+++ DATASET CONTENT

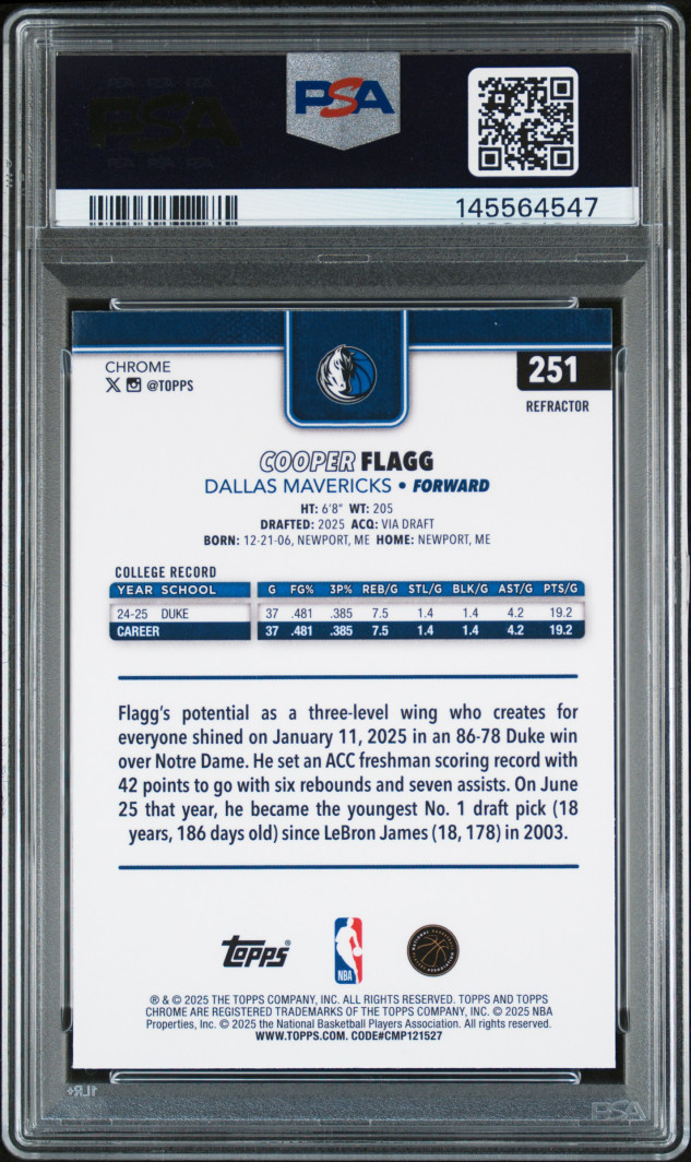 PSA 10 Cooper Flagg Rookie Refractor
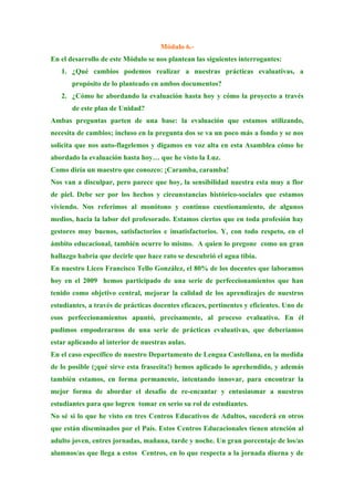 Este documento discute varios temas relacionados con la evaluación en la educación de adultos. Señala que la evaluación actual necesita cambios y propone prácticas de evaluación efectivas como la retroalimentación constante. También analiza los desafíos de motivar a los estudiantes adultos y lograr que valoren la importancia de los aprendizajes. Finalmente, concluye que la evaluación es un tema complejo en este contexto y que los maestros deben entender las diferencias individuales de los estudiantes.
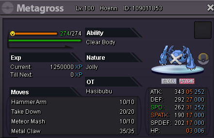 fully trained max speed Metagross. 10k starting offer
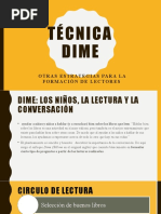 El enfoque de Dime parte de este modo conversacional bsico, e intenta extenderlo de los patrones del uno a uno, nio y adulto, a un adulto facilitador con una comunidad de lectores cuyo inters est concentrado en un texto comn. Como actividad, el tipo de conversacin que bosqueja Dime es individual y al mismo tiempo comunitaria y cooperativa, pues cada participante debe escuchar lo que tienen para decir los otros y tomar en cuenta lo que piensan lo dems del libro.
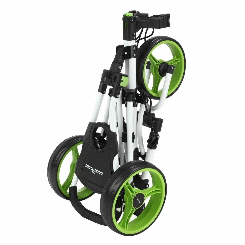 This push cart folds easily and quickly with just the push of a button to make it one of the most convenient folding carts on the market today. The quick release wheels further enhance this.
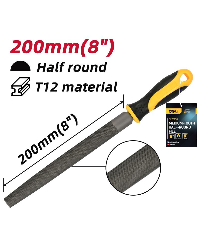 DELI λίμα ημιστρόγγυλη DL76108 με αντιολισθητική λαβή, μετάλλου, 200mm
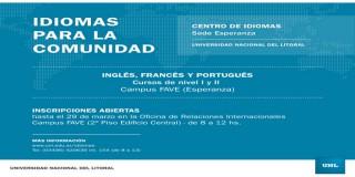 En el caso de la sede Esperanza, los cursos abiertos a la comunidad que se dictarán serán los niveles I y II de inglés, francés y portugués. El nivel I se cursará los martes y jueves de 20 a 22, mientras que el nivel II los martes y jueves de 18 a 20. Las clases tendrán lugar en el Campus FAVE y comenzarán el 4 de abril.
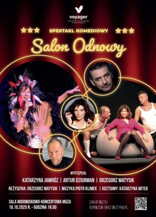18.00 w Sali Widowiskowo - Koncertowej MUZA zapraszamy serdecznie na – spektakl komediowy „SALON ODNOWY”. Bilety od 80 zł cały czas w sprzedaży. Zapraszamy

++++++

EXERCISE DIRECTIONS: In the listing above, find the line containing "This push cart" and the line containing "En el caso de", then return both of them and every line between, exactly, without pictures.

FINISHED EXERCISE:
 This push cart folds easily and quickly with just the push of a button to make it one of the most convenient folding carts on the market today. The quick release wheels further enhance this.
 DELI λίμα ημιστρόγγυλη DL76108 με αντιολισθητική λαβή, μετάλλου, 200mm
 En el caso de la sede Esperanza, los cursos abiertos a la comunidad que se dictarán serán los niveles I y II de inglés, francés y portugués. El nivel I se cursará los martes y jueves de 20 a 22, mientras que el nivel II los martes y jueves de 18 a 20. Las clases tendrán lugar en el Campus FAVE y comenzarán el 4 de abril.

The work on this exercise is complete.